This part can probably be refactored into a separate func, for example:

func (o *ClusterUninstaller) parseResourceFromError(errMsg string) (location, resourceType, resourceName string, err error) {}

But then I have the same question whether it is future-proof to parse the error message?

tthvo · 2025-11-08T02:15:01Z

pkg/destroy/gcp/gcp.go

+		case "targetTcpProxies":
+			deleteErr = o.deleteTargetTCPProxyByName(ctx, resourceName)
+		default:
+			deleteErr = fmt.Errorf("failed to find resource type: %s for %s", resourceType, resourceName)


Suggested change

deleteErr = fmt.Errorf("failed to find resource type: %s for %s", resourceType, resourceName)
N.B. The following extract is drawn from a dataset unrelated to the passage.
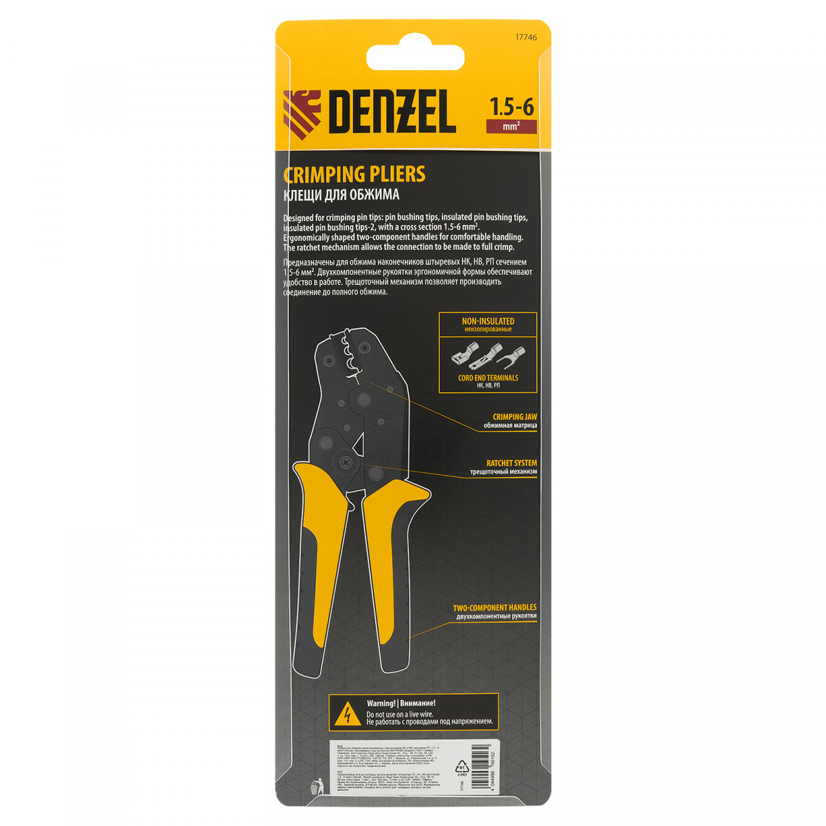 Клещи для обжима неизолированных наконечников НК и НВ, разъемов РП, 1,5 - 6 мм2 Denzel
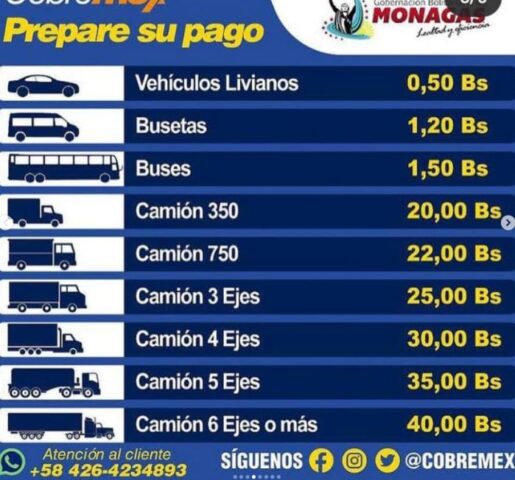 Agregaron que el cobro se ejecutará en Aragua (Villa de Cura, Las Tejerías), Monagas (Blanquero y El Tejero), Portuguesa (La Lucia, Boconoito y La Cascada), Lara (Simón Planas, La Libertad y Jacinto Lara), Falcón (Boca de Aroa, Los Médanos, Los Pedros y Maicillal), Anzoátegui (Potocos y Mesones).

deleteErr = fmt.Errorf("unsupported resource type %q for dependent deletion",

resourceType)

tthvo · 2025-11-08T02:17:26Z

pkg/destroy/gcp/gcp.go

+		if deleteErr != nil {
+			return fmt.Errorf("failed to delete dependent resource: %w", deleteErr)
+		}
+	}


We should have log when the deletion works:

o.Logger.Infof("Successfully deleted dependent resource %s/%s", resourceType, resourceName)

tthvo · 2025-11-08T02:23:50Z

pkg/destroy/gcp/gcp.go

+		err = o.handleDependentResourceError(ctx, op, err)
+		if err != nil {
+			o.Logger.Debugf("failed to handle dependent resource error: %v", err)
+		}


We should still return the error here so that the destroy loop will try again to delete the resource next time, right?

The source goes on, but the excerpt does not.